Differenza tra allergie e intolleranze: cosa insegna il caso Aldo Montano

Abbiamo chiesto alla dottoressa Antonella Robbiani, specialista in allergologia e pneumologia del San Camillo di Milano cosa sono allergie e intolleranze e come dovrebbero comportarsi clienti e ristoratori, per evitare che certi incidenti non si ripetano.

Differenza tra allergie e intolleranze: cosa insegna il caso Aldo Montano

La recente vicenda che ha coinvolto l’ex schermidore Aldo Montano ha riportato alle cronache il problema di allergie e intolleranze alimentari.
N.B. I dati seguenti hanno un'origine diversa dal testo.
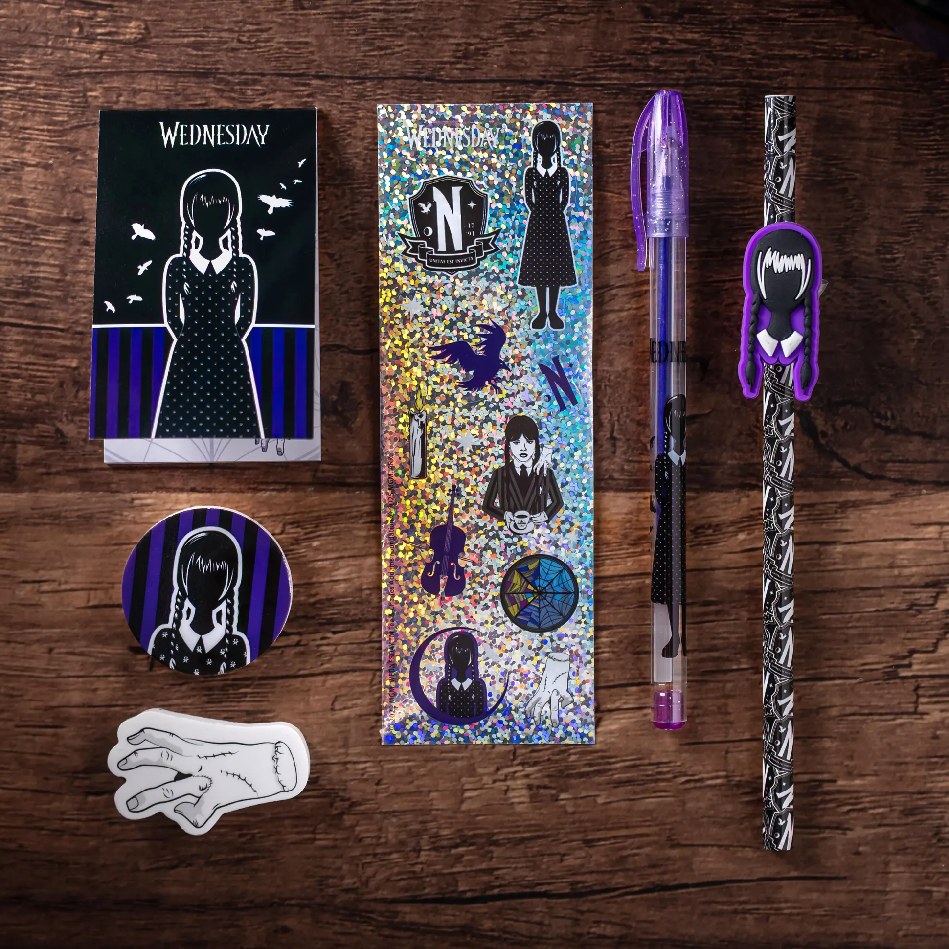 Inhoud: 1 gelpen (paarse inkt), 1 potlood met figuurtopper, 1 notitieblok, 2 gummen (Wednesday Addams en Thing) en 1 stickerblad met heerlijk duistere designs.
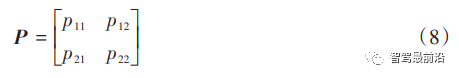 定义模型间转移概率矩阵为P,其中元素pij为从第i个运动模型转移到第j个模型的概率。
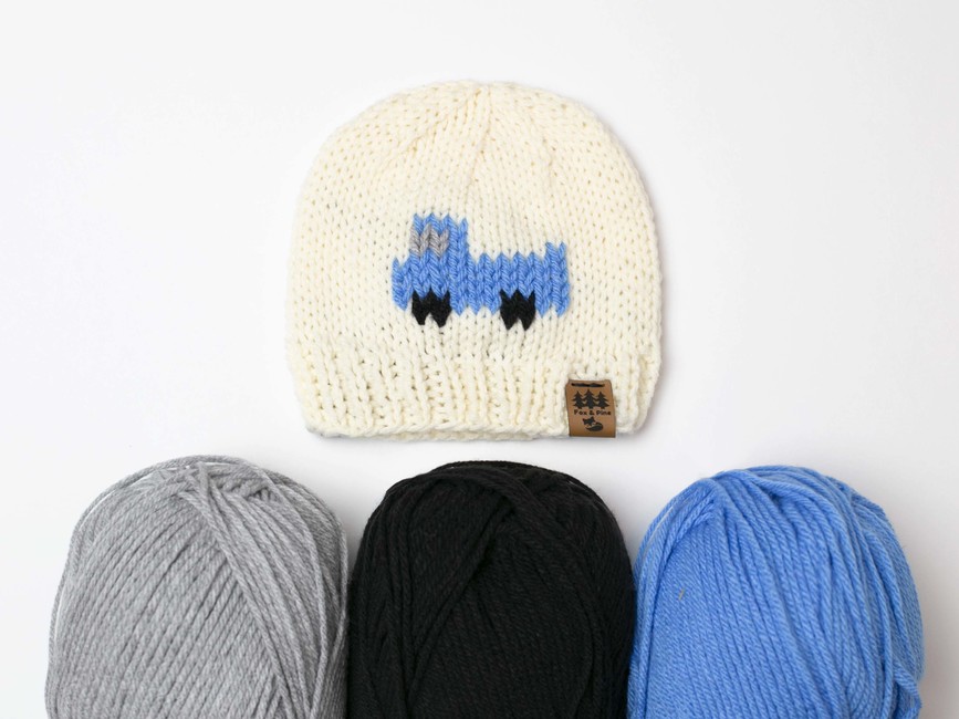 Our perfect medium weight Little Blue Truck hat knitting pattern is perfect for making handmade gifts for your loved ones who love the popular children's book Little Blue Truck.

Il campione olimpico ha rischiato grosso ed è stato ricoverato in shock anafilattico per una grave allergia alla caseina, secondo lui gestita con eccessiva leggerezza da parte dello staff del ristorante. Quasi fatale è stato del formaggio in una pasta, nonostante le ripetute segnalazioni dell’ex azzurro di sciabola: “Quando fai il giro della cucina tre volte e chiedi al cameriere quattro volte per cortesia di far attenzione al tuo piatto dato che sei mortalmente allergico a un alimento, quando ti metti a sedere speri che abbiano recepito la problematica seriamente”, queste le sue dichiarazioni a 1 Mattina News.
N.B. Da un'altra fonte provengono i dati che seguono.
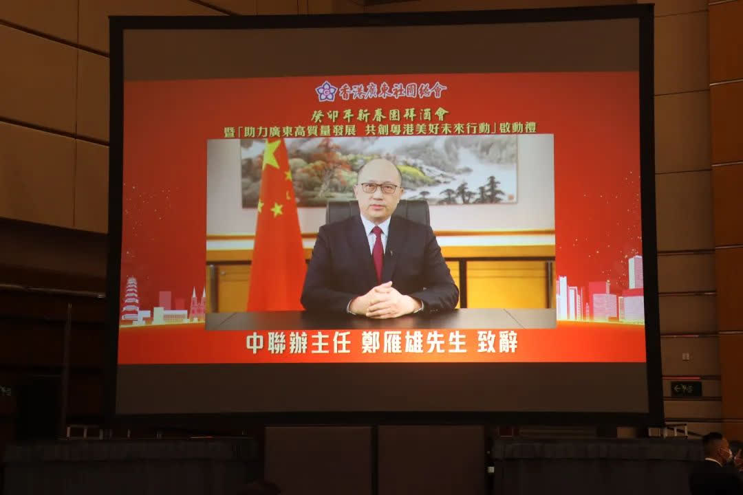 中聯辦主任鄭雁雄在香港廣東社團總會癸卯年新春團拜酒會上以粵語發表致辭視頻,現場逾千位粵籍社團代表倍感同聲同氣。香港廣東社團總會主席龔俊龍說,鄭主任致辭中提出了三點希望,是對同鄉社團的全新定位,會全力做好愛國愛港力量的排頭兵,助力國家同香港高質量發展。
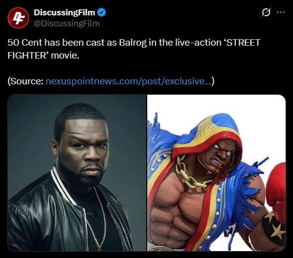 另外,50美分将出演游戏改编电影《街霸》中的拳王(Balrog),目前正在进行体能与技法训练,准备亲自完成片中的打斗与特技场面。
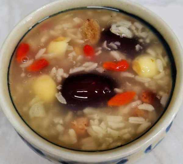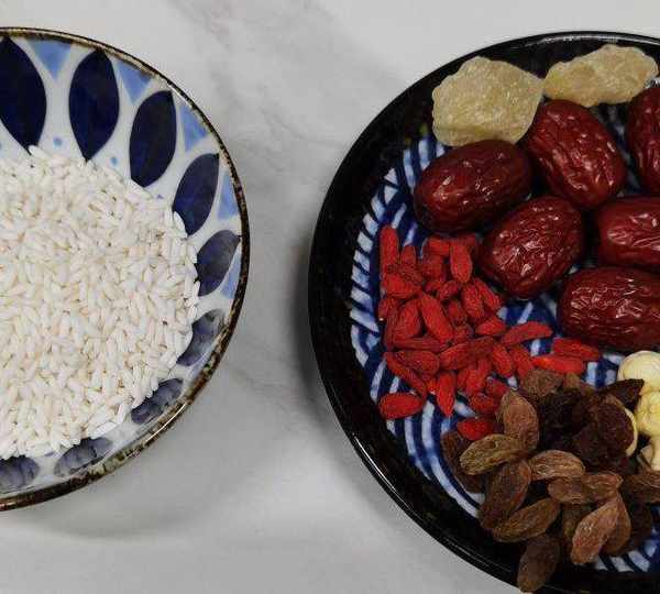 原料:糯米、紅棗、蓮子、葡萄幹、枸杞、清水、冰糖。
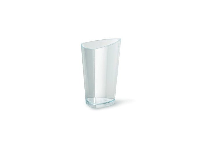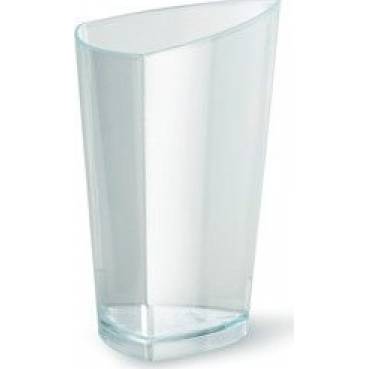 Hranatý pohár má zkosené strany a díky výrobnímu materiálu (PS), který připomíná plexisklo a má zelenkavý nádech se v něm zajímavě odráží světlo a vytváří se duhové odlesky. Pohár vydrží teploty max. 40°C. Neservírujte v něm horké pokrmy. Rozměry: 7,2 x 7,2 x 7,9 cm.
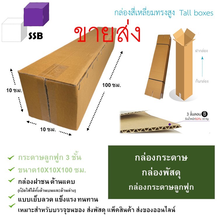 🔥Promotion🔥 กล่องกระดาษ 10-10-100 ซม. กล่องลูกฟูก 3 ชั้น ทรงยาว
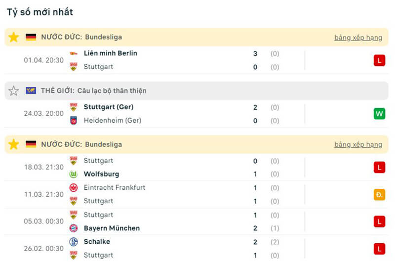 Phía đội khách Stuttgart cũng cho thấy tinh thần thi đấu bất ổn khi họ đang bị tụt xuống vị trí bét bảng với 20 điểm sau 26 vòng đấu.
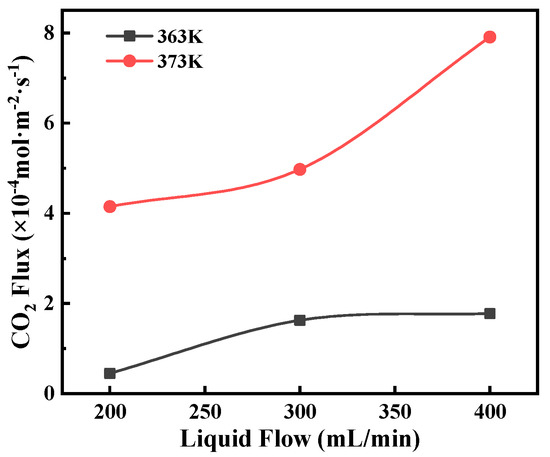 An increase in liquid temperature was of great benefit to increasing the CO2 stripping flux, as shown in Figure 10. This is because temperature directly affects CO2 equilibrium solubility and diffusion coefficients. The CO2 solubility in the MEA solution decreases exponentially with temperature [26], and the diffusivity increases in multiples of 4 by increasing the temperature by 10 K [27,28]. Thus, an increase in operating temperature leads to increases in both driving force and mass transfer coefficient for CO2 stripping. Moreover, an increase in the feed flow rate enabled reducing the temperature difference between the liquid bulk and the liquid–membrane interface, resulting in increased transmembrane pressure difference. The 363 K curve tended to a maximum as the feed flow rate further increased. This might be because the mass transfer in the feed side was negligible, and the transport in pore sizes governed the overall mass transfer process.

La fortuna ha voluto che il ristorante fosse a quattro minuti di distanza dall’ospedale Santo Spirito di Roma, ma non possono essere sempre le circostanze a risolvere positivamente certi eventi, e lo stesso Montano invoca un maggior coinvolgimento e preparazione da parte dei professionisti della ristorazione, magari organizzando corsi specifici. Per cercare di fare un po’ di chiarezza sull’argomento, evitando di seminare il panico ma certamente non sottovalutando il problema, ci siamo affidati alla dottoressa Antonella Robbiani, specialista in allergologia e pneumologia presso la Casa di Cura San Camillo di Milano.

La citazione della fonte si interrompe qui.